Edward Tabor, a 1992 graduate of Bethlehem Catholic, began his teaching career in the Allentown Diocese over twenty years ago. During his career, he has instructed Advanced Placement Literature and served as a reader for the College Board. After many years in other schools he is excited to join the faculty at his alma mater.
Mr. Tabor holds his Master’s Degree in English Literature from Lehigh University. His research interests in that program included: transatlantic modernist studies, postmodern horror film, political revolutionary texts from the seventeenth century, and Utopian Studies. His Master’s thesis, which concerns a remapping of the literary/artistic territory of Harlem, is entitled Carl Van Vechten in Harlem: Envisioning and Reinventing American Transatlantic Bohemia.

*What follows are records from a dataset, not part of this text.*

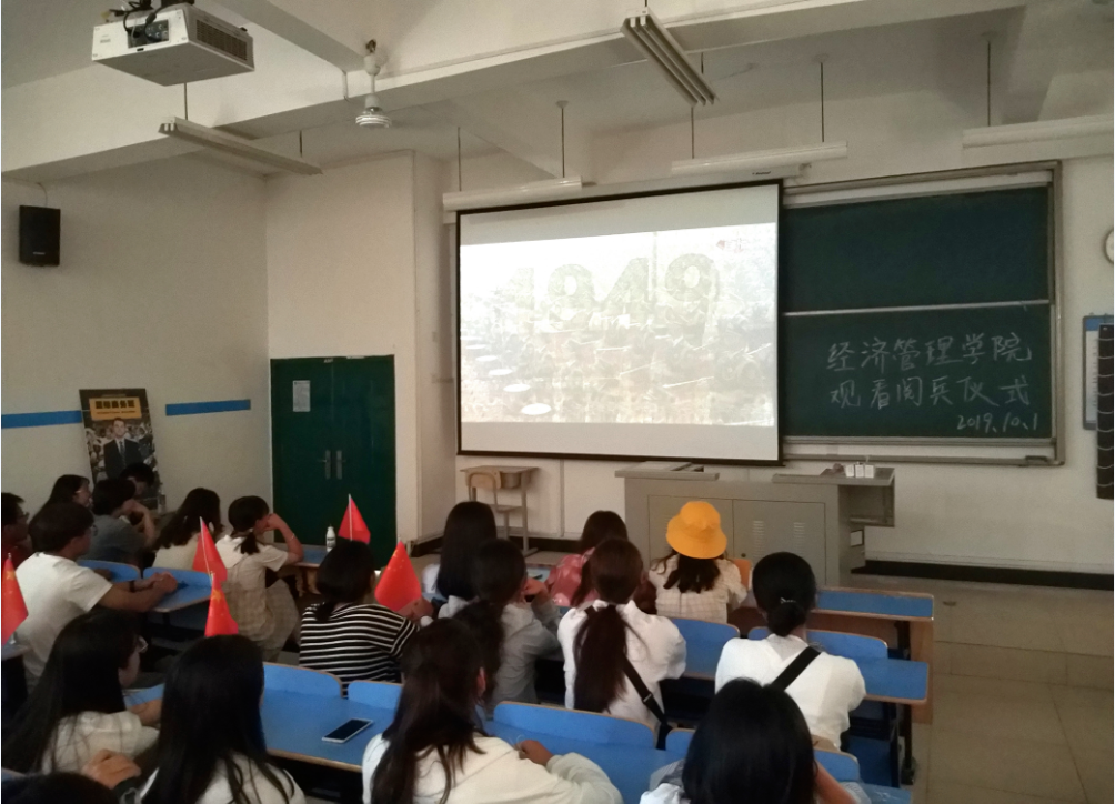 前后三个小时的观看,同学们全程热情饱满,民族自豪感和爱国激情在每一位老员工的心中油然而生。 2017级国际商务1班的戚乐同学谈到,“一场阅兵看下来,太多的细节让人泪目!今天,自己已经成为大三的员工了,看着屏幕里壮观的大阅兵仪式,加之这些天感受着周围浓浓的庆国庆氛围,才真正体会到什么是‘举国欢庆,盛世繁华’。”2018级旅游管理教育专业的陶怡如同学深情表示,“最令我印象深刻的是习主席讲的“伟大的中华人民共和国万岁”“伟大的共产党万岁”“伟大的中国人民万岁”,这三句话使我的自豪感油然而起。正是有了爱国先烈的前仆后继,才有现在发展日益月新的中国。中国的未来将由我们接力,我们一定要奋力学习,报效祖国,让中国更加辉煌。”(文/杨宛容)
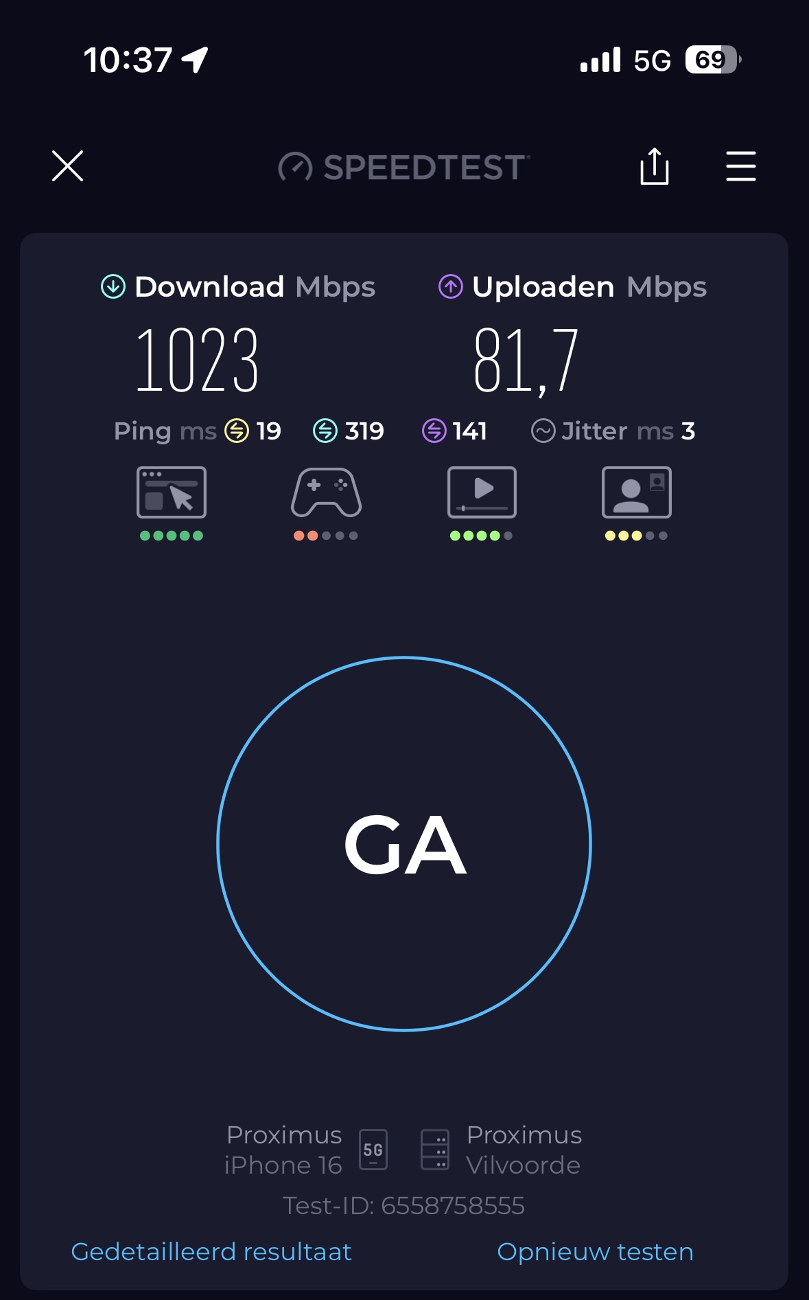 Vandaag in Aarschot centrum 5G snelheden gemeten van 1023 mb down. :eek:
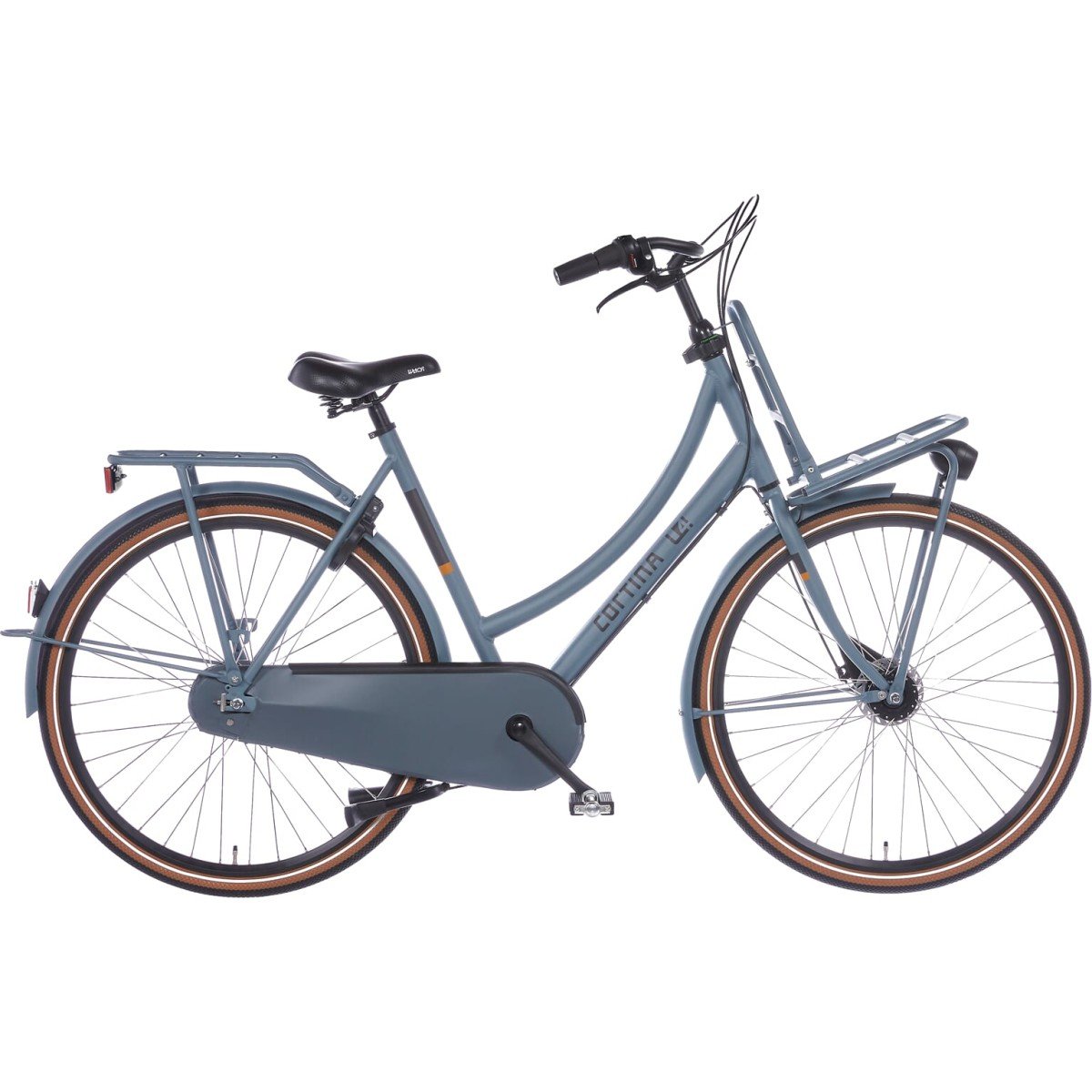 Cortina Transport U4 Solid damesfiets in framemaat 57cm. Kleur: Mouse Grey Matte. Uitgerust met achter een Shimano Nexus 7-traps versnellingsnaaf met rollerbrake en voor een Shimano naafdynamo met rollerbrake. Opvallende details: aluminium frame, stuurslot, voordrager. Kleurnummer: UGSW 77545 Matte.
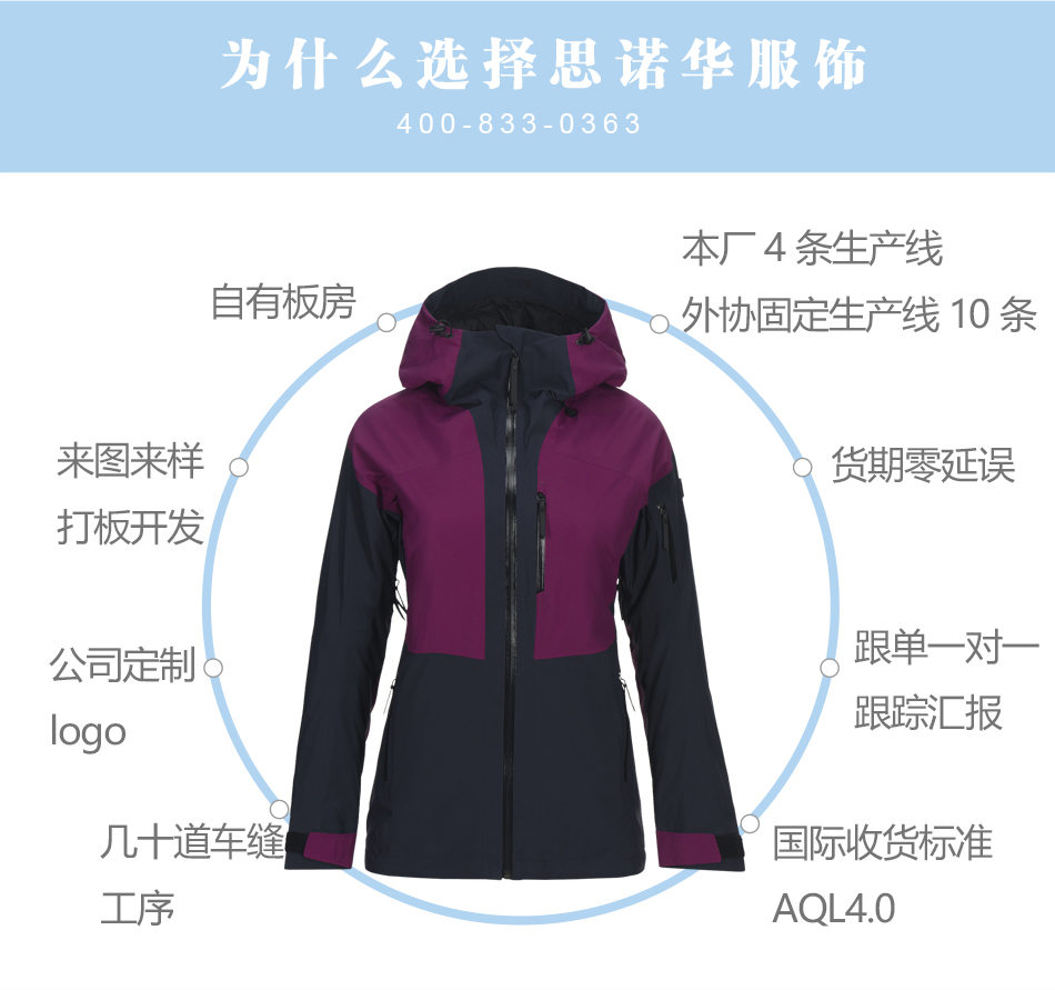 思諾華服飾—三合一沖鋒衣定做廠家定制生產壓膠沖鋒衣
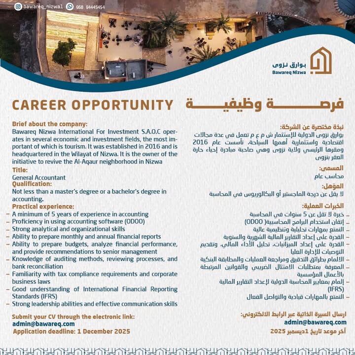 بوارق نزوى الدولية للاستثمار - فرص وظيفية شاغرة ( محاسب + محاسب عام )
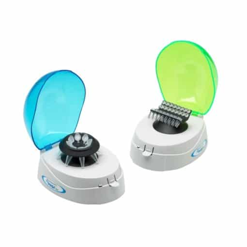 Product Description Clik-N-Lok INSTANT rotor attachment Eight position microtube rotor Storage compartment for PCR rotor & 0.5ml adapters Near silent operation Decelerates in just one second Four position PCR strip rotor The MyFuge Mini centrifuge is a personal centrifuge that virtually fits in the palm of your hand. Ideal for quick spin downs of microtubes and PCR tubes, the MyFuge is extremely easy to use. Simply close the lid and the rotor instantly reaches 6,000 rpm. Open the lid, and the rotor quickly decelerates to a stop for removing samples. An increased capacity, eight-position microtube rotor is included and comes installed. Also included is a second rotor for 0.2ml PCR tubes and strips which is stored (together with the rotor removal key) in a convenient compartment on the bottom of the centrifuge. When the rotor is not in use, storage in this compartment prevents loss or misplacement of the rotor. Specifications Speed 6,000rpm / 2,000xg Capacity 8 x 1.5/2.0ml 32 x 0.2ml 4 x PCR Strips Dimensions 5.7 x 6.9 x 4.5 in. (14.5 x 17.8 x 11.4 cm) Weight 2.2 lbs / 1kg Electrical Universal Voltage, 100 to 240V, 50-60HZ, 250W Warranty 2 Years
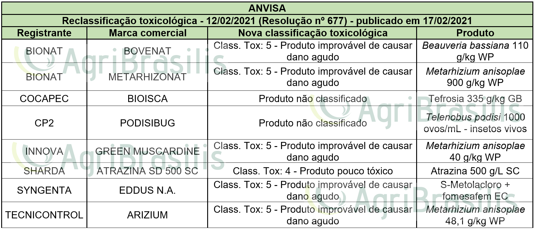 Reclassificação toxicológica – 12/02/2021 (Resolução nº 677) – publicado em 17/02/2021 Registro de agrotóxicos Publicado em: 17 de fevereiro de 2021
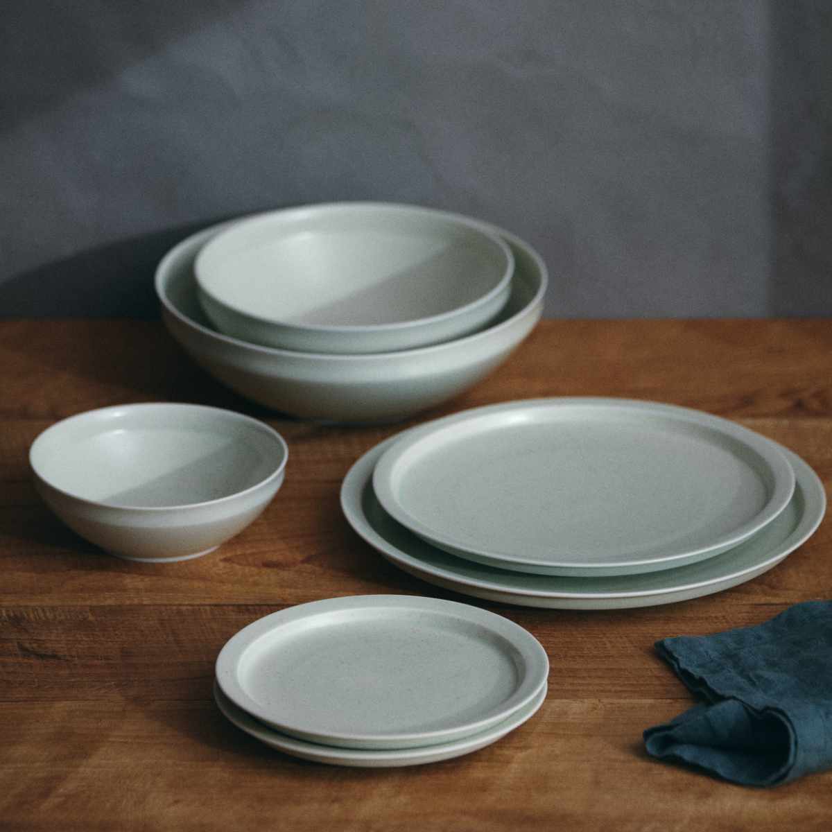 額縁のようなリムが食材を引き立て、和洋中どんな料理とも相性の良いフォルムです。熟練の陶芸家による細部までこだわった、削りを効かせたデザインです。
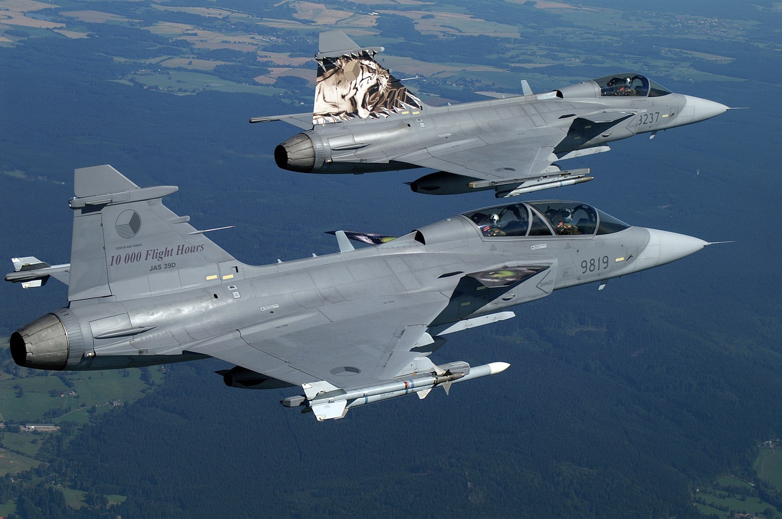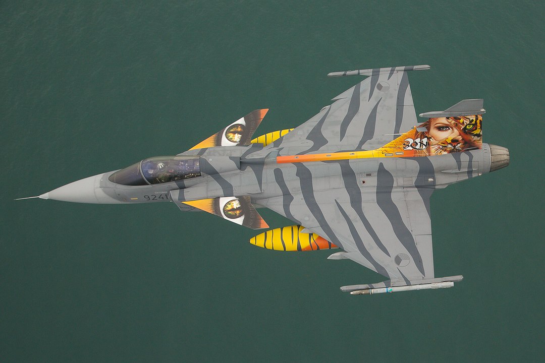 Motiv českého gripenu pro cvičení tygřích letek v roce 2009 a zbarvení letounu k náletu 10 tisíc hodin českých letců v gripenech
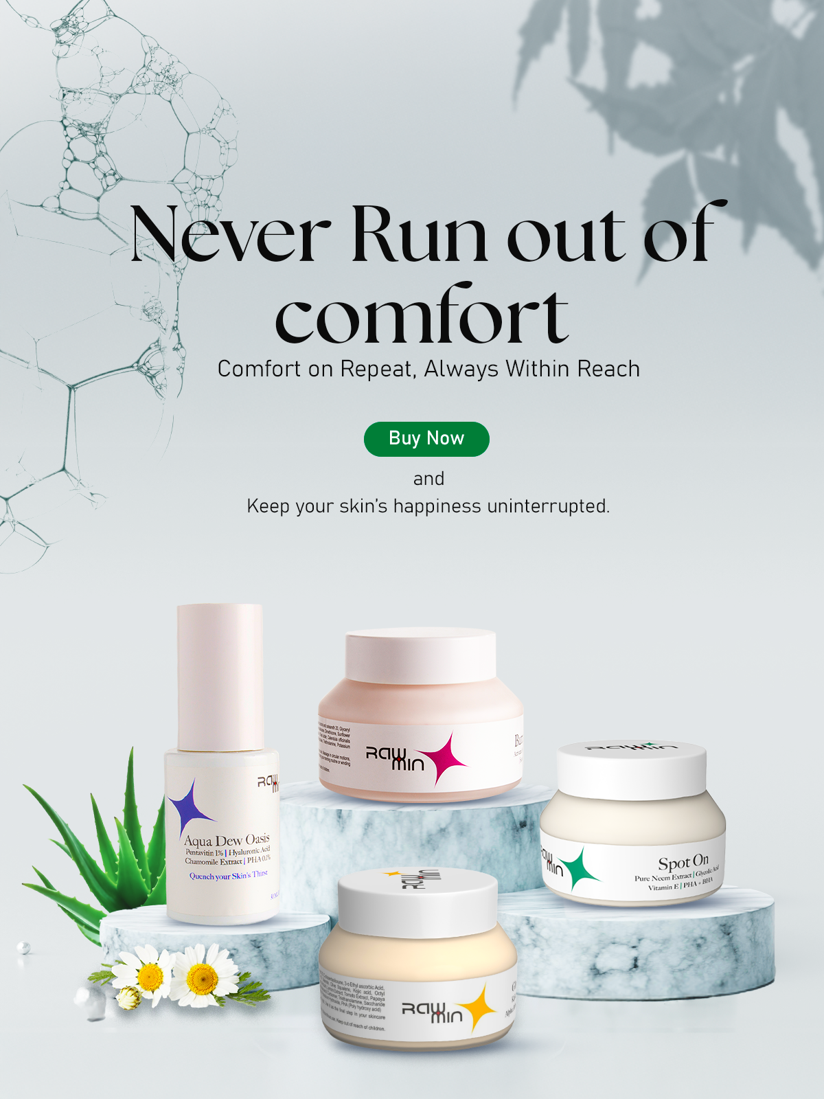 RawMin is here to change that. Designed for everyone, RawMin brings the cozy, nurturing care your skin craves. Let RawMin be your skin's comfort on any day, wrapping you in the gentle, caring touch it deserves. Because just like your favorite comforts, your skin should feel cherished too.
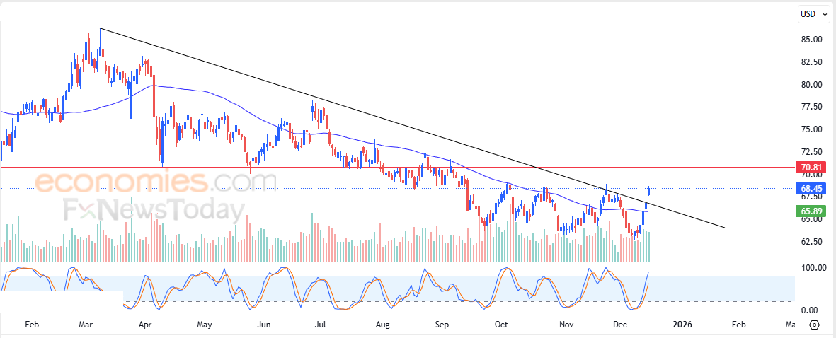 Pertanto ci aspettiamo che il titolo aumenti nelle prossime contrattazioni, a patto che rimanga al di sopra del livello di supporto a 65,90 $, puntando al primo livello di resistenza a 70,80 $.
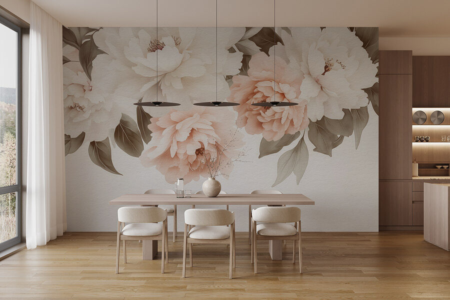 Proměňte každou místnost v klidné zahradní útočiště pomocí této úžasné nástěnné malby se zasněnou skupinou květin a listů. Představte si, že se každé ráno probouzíte do jemného ruměnce pivoněk, jejichž jemné barvy šeptají teplo a pohodu. Tato fototapeta jako by přinesla kousek přírody do interiéru a dodala mu vrstvy kouzla a nádech romantiky. Perfektně se hodí do útulných zákoutí, čtecích koutků nebo i na prázdnou zeď, která si říká o pozornost. Není to jen dekorace; vytváří příjemnou atmosféru, kde si člověk může odpočinout, jako by se uvelebil mezi rozkvetlými okvětními lístky. Kdo by se v takovém krásném prostoru necítil inspirován?
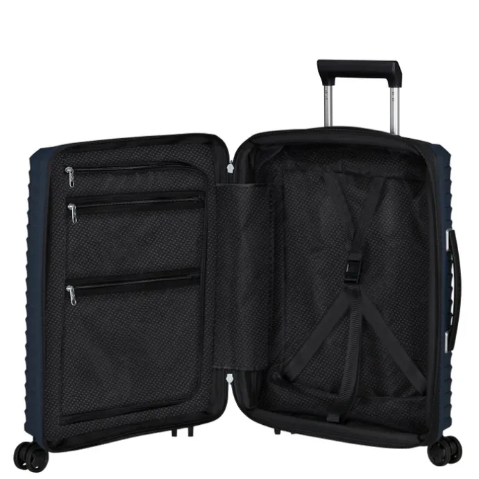 Reizen met een handbagage koffer heeft een aantal grote voordelen ten opzichte van ruimbagage. Sla de wachtrijen op het vliegveld over en ga op reis met de Samsonite Upscape, de ideale handbagage koffer voor jouw volgende reis. Met deze handbagage koffer hoef je niet in te checken op het vliegveld en op de plek van bestemming sta je niet te wachten tot alle ruimbagage koffers van de bagageband rollen. Zit je wel eens zonder stroom tijdens je lange reis? Dit is verleden tijd met deze Samsonite koffer, want deze koffer is voorzien van een USB-aansluiting aan de buitenkant. Zo laad je eenvoudig je telefoon, tablet of laptop op tijdens je reis. Omdat deze Samsonite koffer voorzien is van 4 wielen, is de koffer wendbaar en stabiel. Ten opzichte van koffers met 2 wielen is het minder zwaar om de koffer te vervoeren, omdat deze rechtop kan blijven staan.
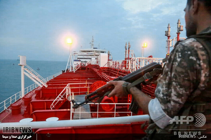 スウェーデン企業が所有する同タンカーの拿捕は、英当局が今月4日、EUの制裁に違反してシリアへ原油を輸送していた疑いがあるとして、イランのタンカー1隻を地中海沖で拿捕したことに対する報復とみられている。(c)AFP/Amir Havasi

Beyond his teaching, Mr. Tabor has presented several scholarly papers at international conferences. Beginning with his initial conference paper in 2011 -Utopia at the Crossroads, Work, Radical Idleness and Revolution in Henry Neville’s The Isle of Pines- Mr. Tabor’s scholarly work tends to explore non-canonical and revolutionary texts and he seeks to share that work with his students and other scholars. His recent papers include, “The Suburban House as Para-Site; The Terrible House in Oren Peli’s Paranormal Activity” which he presented at the Pennsylvania College English Association Conference in State College, and a paper on the concept of enclosure in the work of the seventeenth century playwright Margaret Cavendish, which he presented at the Society for Utopian Studies annual conference in Pittsburgh. He is currently working on a paper examining the underlying pattern of fabric weaving and its connection to computer coding in Thomas Pynchon’s fiction.
When he isn’t reading an obscure book of poetry or criticizing a difficult text, he enjoys spending time with his wife and three children. In the spirit of Henry David Thoreau, Mr. Tabor and his family like to explore nature by camping, hiking, and biking.